He died of a stroke and he experienced a slight stroke last year too, this could be an indication of his general state. I wouldn’t say he faded away, he did work with his paper route to the end, distributing morning papers to homes with his bike and for this you need some condition. However, he became a bit aloof, a bit ”dormant” at the end.

I still think of him every day, as I’ve almost always have. But we’ll meet again, that’s the logic of reincarnation, ”no meeting is the first, no goodbye is the last” as Dénis Lindbohm said. The soul is energy and energy can’t be destroyed, only transformed into another physical state.




3.

Robert liked westerns, the wild west myth as an iconographic phenomenon; to us being born in the 60s westerns was a staple diet in comics, films and TV series. A favorite comic of his was Lucky Luke, a French western comic series. And when I inherit Robert’s Britains Deetail figures, 54 mm cowboy figures, I will think of him. They will be constant reminders of his being, a kind of memorial statuettes.

When building plastic models his favorite was planes, WWII planes. He had an aerial trait – for in additon to this, he wrote his Bachelor of Art degeree paper about the bird paintings of Swedish artists Lars Jonsson and Gunnar Brusewitz. And my father said that, in his last phone conversation with him on March 26, Robert said that he would go out later and look at the birds. In spring the migratory birds return to Sweden, the snow-free and drying, soon-to-sprout lands, having some wealth of birdlife.

He’s standing in the Uppsala plain, looking at the birds... a worthy image of the man he was. ”I’m far, far away, with my head up in the clouds...”




4.

Robert's favorite pop band was Echo and the Bunnymen.

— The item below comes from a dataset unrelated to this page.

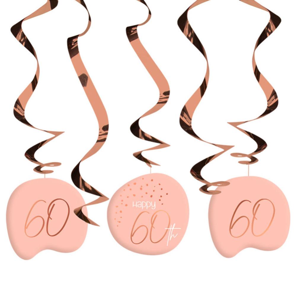 Happy 60th Hängande Dekorationer Ljusrosa innehåller 5 stycken roseguldiga swirls, varav tre av dem har ljusrosa hängande dekorationer med "Happy 60th" text i vitt och roseguld. Dekorationerna har även praktiska upphängningsöglor i plast.

His favorite Swedish comics artist was Jan Lööf.

He liked the memoir books by Swedish artist Peter Dahl. Robert wasn’t so much into Dahl’s art per se but he liked the way he told of his artistic career (Kanske konstnär etc.). Specifically, he appreciated Dahl’s lifelong project of creating a fantasy land with his tin soldiers, toy cars, model railroad and model houses, the land ”Caribanien”. This, Robert meant, was Dahl’s masterpiece (in the realm of conceptual art), his oils and litographies were not as memorable.

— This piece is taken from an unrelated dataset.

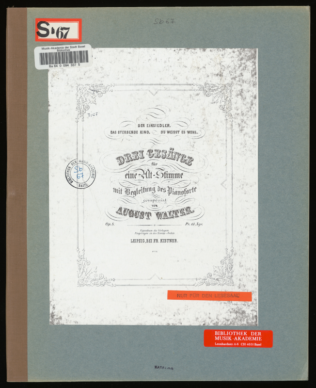 | Alternative. Title | Drei Gesänge für eine Alt-Stimme mit Begleitung des Pianoforte |

Robert was a blond, Nordic guy, about 178 centimers tall, of a somewhat compact build. He was a man of the ”pyknic, athletic” type, not the ”leptosome, slim” type like me. We indeed looked akin but we were of different somatic models.

I mention his overall look because in my nove Antropolis (2009) I have a chapter where the main character meets up with the artist Tim Parill. Parill’s look is made up, he’s a fiction as such, but his behavior as a distraught artist receiving a guest in his studio is very much based on Robert:
In one of the segment houses lived Parill. Once up on the fourth floor, I entered a bright, lofty atelier, a real studio unlike my own that was just the upstairs floor in my house. A smell of turpentine and oil struck me. I found the master himself seated at a table reading Antropolis News. – I bowed slightly and sat down, Parill nodded and stood up. (...) He offered wine, toasted me and asked if I would buy anything – but when I said no, he continued to read his paper. I took the opportunity and looked around in the studio, a spacious room with a ceiling height of three meters. A window only to the north; thus it must be for a painter, this I knew, because the light from the north was smoother than the saturated, flowing, over-the-whole-day-shifting southern light. Everywhere sat canvases; they were both landscapes and abstractions and some individual portraits, all of it unmistakably Parill. There was colorism and rich layers of paint, there was the play of forms, there were power lines meeting and parting, there were foaming streams, dark jungles and psychedelic meadows.
After a descriptions of odd objects decorating the studio we have this image of the artist, ”very Robert” if I may say so:
Parill sat and stared into the air. Dust particles danced around in a sunbeam. Then he suddenly got up and went to his easel. From a hanger he picked up a painter coat, black and full of color patches in quaint randomness. He wiped his fingers on it while he painted. – I glanced at the canvas, a landscape with a few houses next to a lake and a sun over some mountains on the other side. (...) You could see yellow fields and shady houses, a copper green lake and a blueberry sky. From a tube Parill pressed out some paint onto the palette and seemed to have forgotten my presence. He picked up a brush, approached the canvas and started working at the shadows cast by the houses. He put on green and blue, crossing the brush strokes and having the colors blend. ”Shadows are never black,” he said. – I agreed to this wisdom, bowed and headed for the door.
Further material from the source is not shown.